Model Selection Guide

This section is for customers using Ollama as a managed component inside Shakudo. Start from the Shakudo platform instead of installing or exposing Ollama manually.

1. Access the component in Shakudo

  • Sign in to your Shakudo workspace with your organization-approved account.
  • Open the workspace or environment where this component is enabled.
  • Go to the Applications or component catalog area and select Ollama.
  • If you cannot see the component, ask your workspace administrator to confirm that it is enabled for your role and environment.

2. Open the component UI

  • Use the Shakudo-provided Open, Launch, or Access action for Ollama.
  • Let Shakudo handle authentication, networking, and workspace routing. Avoid using internal service URLs unless your administrator explicitly provides them.
  • Confirm that the component opens in the expected workspace before creating or changing resources.

3. Complete a first safe use case

Open the Ollama endpoint or UI exposed through Shakudo and run a small model test, such as a short completion or embedding request, using the model that your workspace administrator has enabled.

  • Use a small non-production example first, especially when testing credentials, scans, model calls, or data connections.
  • Name the test clearly so other workspace users can recognize it as a first-run validation.

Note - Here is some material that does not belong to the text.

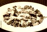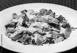 Caesar Salad, Green Lettuce Salat with Chicken and Parmesan Cheese Closeup

4. Monitor and validate the result

  • Check the component UI for run status, logs, traces, scan results, job history, or project activity, depending on the component.
  • Return to Shakudo if you need platform-level status, access control changes, or administrator support.
  • Record any errors, missing permissions, or unexpected results before retrying with production workloads.

5. Next steps

  • Review the use cases, administration, and troubleshooting pages in this knowledge base for deeper examples.
  • For production usage, follow your team’s Shakudo workspace policies for credentials, data access, resource limits, and approvals.

Ollama Administration & Best Practices

Model Management

Pulling Models

Models can be pulled manually or automatically:

Manual pull (recommended for production):

kubectl exec -n hyperplane-ollama <pod-name> -- ollama pull llama3.1

Auto-pull via Helm values:

ollama:
 models:
   pull:
     - llama3.1
     - mistral

Tip: In production, prefer manual pulls. Auto-pull runs on every pod start, which slows startup and can cause failures if the registry is unreachable.

Listing, Inspecting, and Removing Models

# List all downloaded models
ollama list

# Show model details (size, format, parameters)
ollama show llama3.1

# Remove unused models to free PVC space
ollama rm phi3:mini

Custom Models with Modelfile

FROM llama3.1
PARAMETER temperature 0.3
PARAMETER num_predict 512
SYSTEM You are a helpful technical assistant. Be concise and accurate.
ollama create my-assistant -f Modelfile
ollama run my-assistant "What is Kubernetes?"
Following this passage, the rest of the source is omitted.